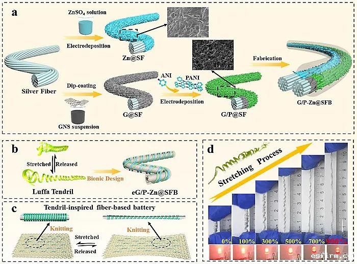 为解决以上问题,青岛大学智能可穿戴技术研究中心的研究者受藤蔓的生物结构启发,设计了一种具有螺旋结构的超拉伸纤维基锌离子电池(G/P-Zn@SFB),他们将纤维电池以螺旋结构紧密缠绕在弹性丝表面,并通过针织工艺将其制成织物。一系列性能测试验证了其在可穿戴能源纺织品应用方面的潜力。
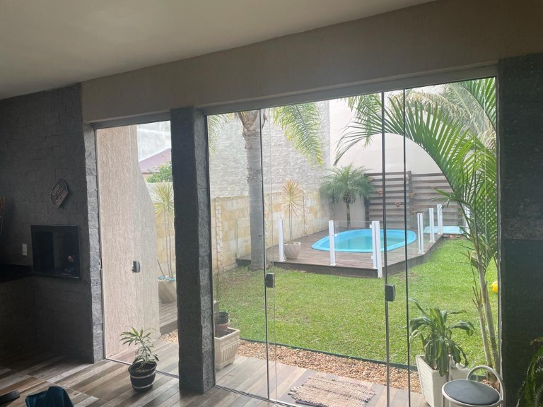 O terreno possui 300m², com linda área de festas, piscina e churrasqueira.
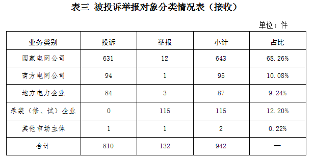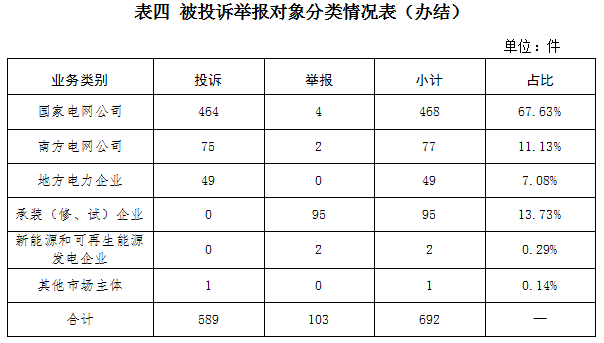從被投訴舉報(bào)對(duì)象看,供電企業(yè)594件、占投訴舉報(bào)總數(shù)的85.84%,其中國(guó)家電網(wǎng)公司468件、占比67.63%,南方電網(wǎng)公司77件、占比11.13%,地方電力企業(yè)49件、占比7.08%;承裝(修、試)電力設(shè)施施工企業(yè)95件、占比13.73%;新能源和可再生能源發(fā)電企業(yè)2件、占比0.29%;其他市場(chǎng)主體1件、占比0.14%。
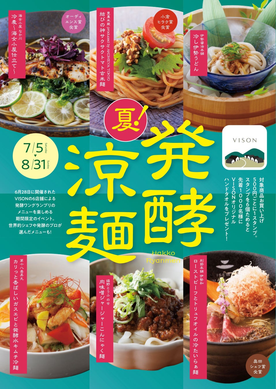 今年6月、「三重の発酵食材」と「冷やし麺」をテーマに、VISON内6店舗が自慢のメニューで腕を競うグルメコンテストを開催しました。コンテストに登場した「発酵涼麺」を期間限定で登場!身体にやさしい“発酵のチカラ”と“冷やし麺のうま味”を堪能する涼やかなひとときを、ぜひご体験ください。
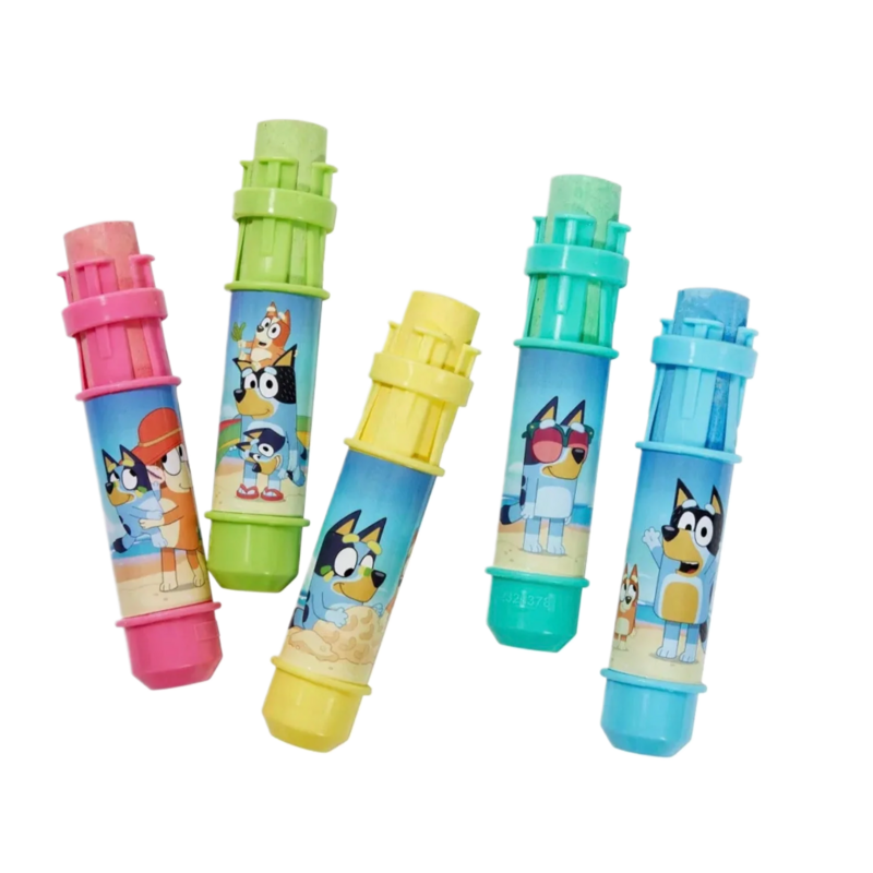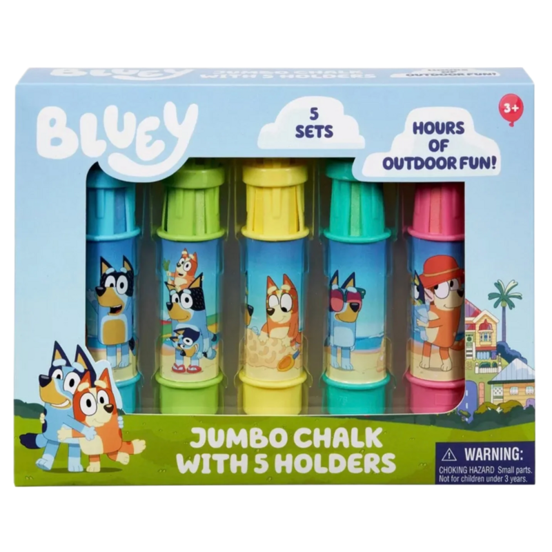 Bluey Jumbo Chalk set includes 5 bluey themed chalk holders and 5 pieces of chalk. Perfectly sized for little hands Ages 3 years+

○ ○ ○ ○

Exactly the lines from the one containing "O terreno possui" to the end of the records above, both end lines included, are to be printed, and no pictures with them.

 O terreno possui 300m², com linda área de festas, piscina e churrasqueira.
從被投訴舉報(bào)對(duì)象看,供電企業(yè)594件、占投訴舉報(bào)總數(shù)的85.84%,其中國(guó)家電網(wǎng)公司468件、占比67.63%,南方電網(wǎng)公司77件、占比11.13%,地方電力企業(yè)49件、占比7.08%;承裝(修、試)電力設(shè)施施工企業(yè)95件、占比13.73%;新能源和可再生能源發(fā)電企業(yè)2件、占比0.29%;其他市場(chǎng)主體1件、占比0.14%。
 今年6月、「三重の発酵食材」と「冷やし麺」をテーマに、VISON内6店舗が自慢のメニューで腕を競うグルメコンテストを開催しました。コンテストに登場した「発酵涼麺」を期間限定で登場!身体にやさしい“発酵のチカラ”と“冷やし麺のうま味”を堪能する涼やかなひとときを、ぜひご体験ください。
 Bluey Jumbo Chalk set includes 5 bluey themed chalk holders and 5 pieces of chalk. Perfectly sized for little hands Ages 3 years+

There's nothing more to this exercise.